Figure 6. ER stress leads to IRE1 α-dependent TXNIP upregulation, NLRP3 inflammasome activation, Caspase-1 cleavage, and IL-1β secretion

(A) IL-1β secretion from C57BL/6 murine islets exposed to 1μM Tg or 33 mM glucose. (B) IL-1β secretion from human THP-1 cells after 4hr treatment with DMSO control, 10μg/ml Tm, 1μM Tg, or 5 mM ATP as assessed by ELISA. (C) Caspase-1 cleavage from Pro-caspase-1 in THP_1 cells (detected by immunoblot) in response to ER stress 1μM Tg (at 2 hours and 4 hours), or 5 mM ATP at 4 hours. (D) Caspase-1 cleavage in response to ER stress (1μM Tg) is abrogated in THP-1 cells lacking the NLRP3 inflammasome (THP1-defNLRP3); compare to THP1-null positive control cells. Control DAMP, ATP, is at 5 mM. (E) (E) IL-1β secretion in response to ER stress (1μM Tg) is abrogated in THP-1 cells lacking the NLRP3 inflammasome (THP1-defNLRP3); compare to THP1-null positive control cells. Control DAMP ATP is at 5 mM. (F) STF-083010 blocks IRE1α RNase. Shown is an EtBr-stained agarose gel of XBP1 cDNA amplicons after induction of ER stress for 4 hrs in THP-1 cells using 1 μM Tg, with or without pre-treatment with STF-083010 at 50μM for 2 hours. The cDNA amplicon of unspliced XBP1 mRNA is cleaved by a PstI site within a 26 nucleotide intron to give 2U and 3U. IRE1α-mediated cleavage of the intron and re-ligation in vivo removes the PstI site to give the 1S (spliced) amplicon. *is a spliced/unspliced XBP1 hybrid amplicon. The ratio of spliced over (spliced + unspliced) amplicons—1S/(1S+2U+3U)—is reported as % spliced XBP1 amplicons. STF-083010 blocks: TXNIP mRNA upregulation in WT- IRE1α-overexpressing INS-1 cells (G), and IL-1β secretion from THP-1 cells (H). IL-1β secretion in response to 5mM ATP is unaffected by STF-083010. (E–F) Bar graphs represent three independent biological samples. Data are shown as mean ± SD. **p < 0.005, ns = not significant.
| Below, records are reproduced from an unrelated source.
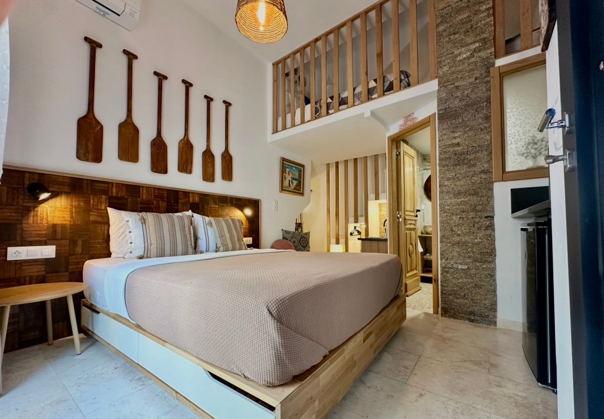 The Gold Room is a cosy ground floor studio for families or groups of up to four. There is a kitchen and dining table, a comfortable double bed and two single beds on the mezzanine level. Please note that the mezzanine has a low ceiling. Step outside to relax in chairs along the quiet alley, where the only traffic is from pedestrians and the occasional moped. There is often a pleasant breeze, making it an inviting spot for a morning coffee or a glass of wine as the day winds down.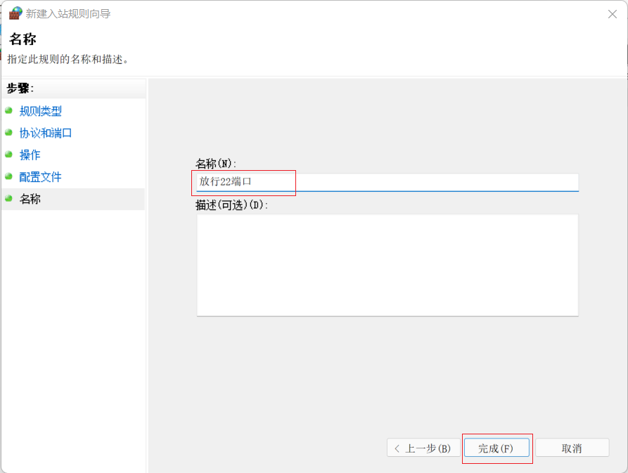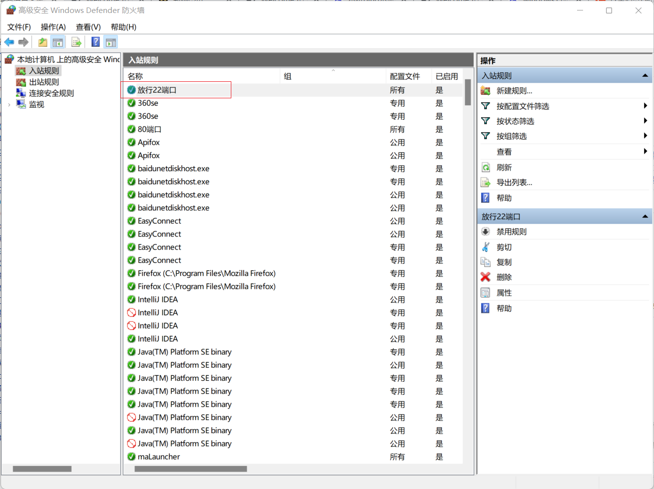 修改完端口后,需要在防火墙内对端口进行放行,放行步骤如下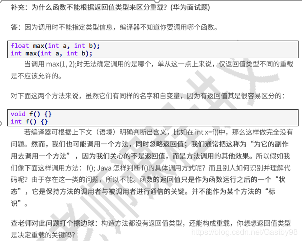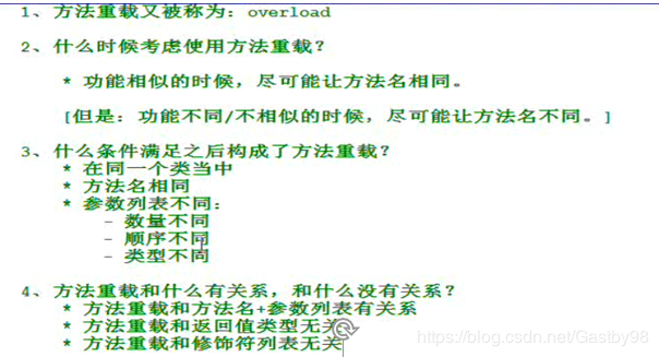 方法名相同,参数列表不同(个数不同、类型不同、位置/顺序不同)的情况 就是方法重载。和返回值类型、访问修饰符无关!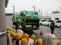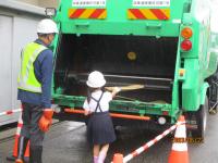 館野小学校の1年生と2年生の子どもたちが、お世話になっている館野小学校放課後子ども教室の様子です。地域の方々との、様々な体験活動を通して子どもたちを育てていきます。その一環としてゴミ収集車について学んでいました。段ボールを収集車に投げ入れ体験や目の前でゴミが潰れていく様子を見ていました。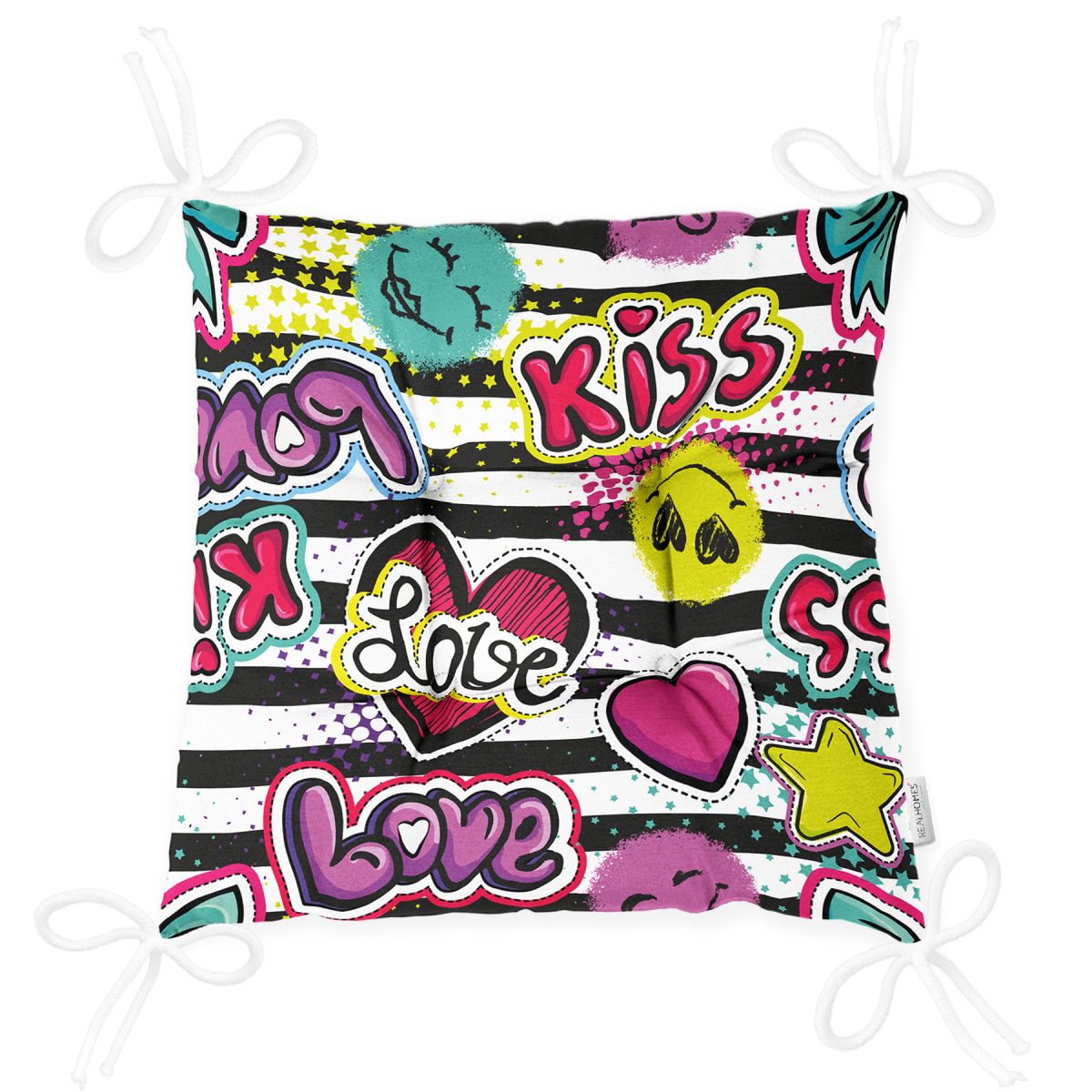 Realhomes Kiss Love Pop Art Tasarımlı Dijital Baskılı Modern Pofuduk Sandalye Minderi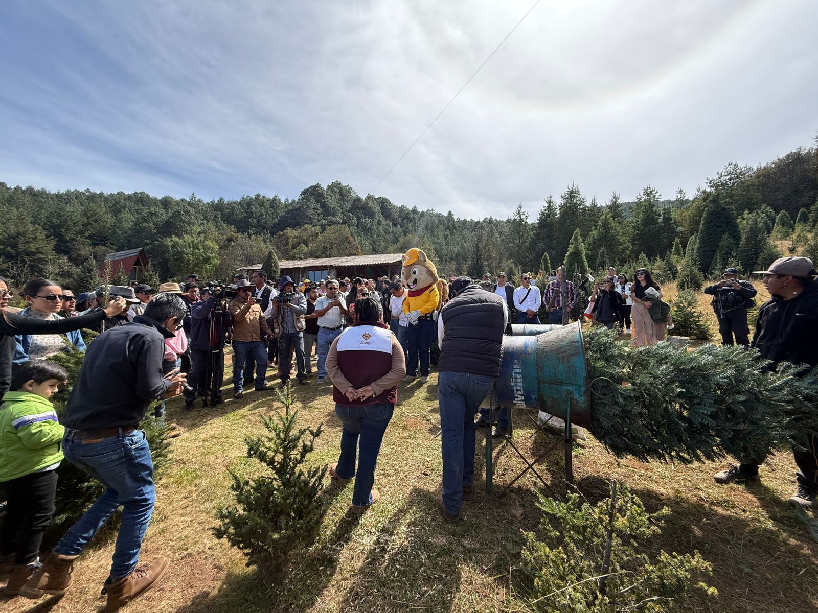 09 de noviembre de 2025.Las Vigas,Ver.- Esta sábado se llevó a cabo el primer corte de árboles naturales en el Rancho La Cueva del Obispo, productores silvícolas y la Secretaría de Medio Ambiente (SEDEMA) dieron inicio a una temporada que combina tradición, empleo rural y protección de los bosques veracruzanos.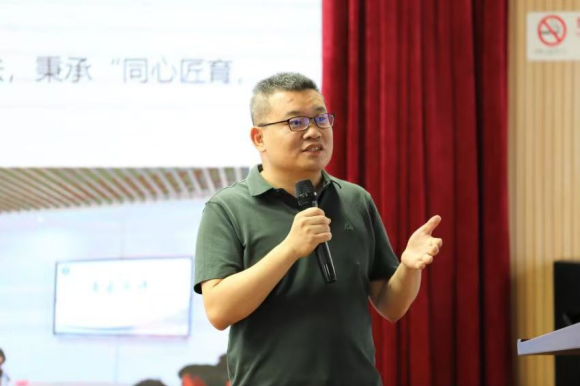 澧溪中学校级家委会主任陈健介绍了澧溪中学家委会整体情况和组织架构、家委会LOGO设计理念、家委会会歌介绍。我校家委会秉承“同心匠育,成就君子”的文化理念:共同目标产生匠心育人的共同期待,齐心合力达到精准育人的完美效果。用文化价值,规范家校育人理念,成就“君子”期望;用愿景激励,统一家校育人方式,实现“君子”目标。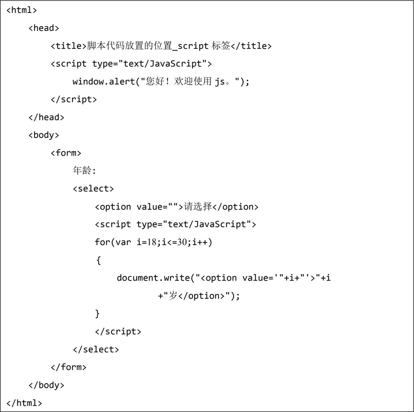 在页面的头部<head></head>或页面的正文<body></body>内都可以编写脚本代码。为了告知浏览器这些代码是JavaScript语言的代码而非HTML,需要将脚本代码放置在<script></script>标签中。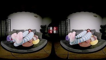 No one but Lilith can make pastel socks look so cute and sexy at the same time. This college girl brunette is acting like a spoiled brat when her lover refuses to give in what she wants. Instead, Lilith has a different idea of enticing the stud. She raises her legs to show off her socked feet, and any foot-obsessed connoisseur would be jealous of the hunk's position right now. The seductive doll takes off her socks, and flaunts her yellowish soles and her pedicured digits for the stallion to give a good shrimping. The strong smell of her feet fills the room, and taking a whiff of the aroma will no doubt drive horny men insane. This inked minx spices up the room further and turns around to draw the stud's attention to her red lingerie that highlights her supple buttcheeks before stripping off her top and exposing her perky small titties. Lilith seems to have satisfied her lover one last time by giving him a nice, warm, sensual footjob.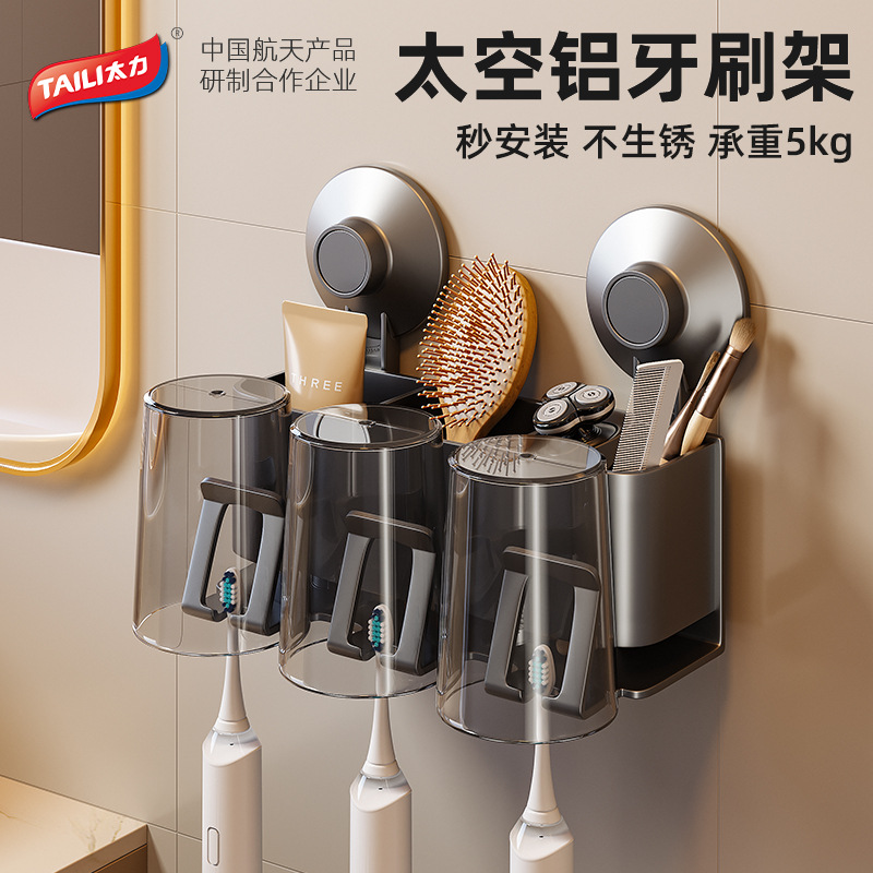 太力穴なし歯ブラシホルダートイレ多機能うがいカップ収納壁掛け式歯ブラシ収納棚

Figure 7. Illustrative models of adaptive (A) and terminal (B) UPR signaling

A. Under remediable levels of ER stress, adaptive UPR outputs through XBP1 mRNA splicing reduces ER stress, in turn closing negative feedback loops to shut down low-level IRE1α signaling. B. Alternatively, under irremediable levels of ER stress, hyperactivated IRE1α induces TXNIP as a potentiating step in the Terminal UPR, in part through stabilizing TXNIP mRNA by reducing levels of a repressive miR that targets TXNIP mRNA. This event combines with de novo transcription of TXNIP, through PERK kinase and ChREBP, to result in rapid elevation of TXNIP mRNA to new steady-state levels. TXNIP protein activates the NLRP3 inflammasome, which cleaves Pro-Caspase-1 to its active form, in turn causing maturation and secretion of Interleukin 1-β (IL-1β), thus promoting sterile inflammation and programmed cell death. Moreoever, ER-localized mRNA decay by hyperactivated IRE1α (requiring both a functional kinase and RNase activity) furthers—rather than corrects—ER stress, thus promoting vicious cycles of cell destruction. Also shown is the RNAse inhibitor—STF-083010—which reduces terminal UPR endpoints by inhibiting IRE1α RNAse activity.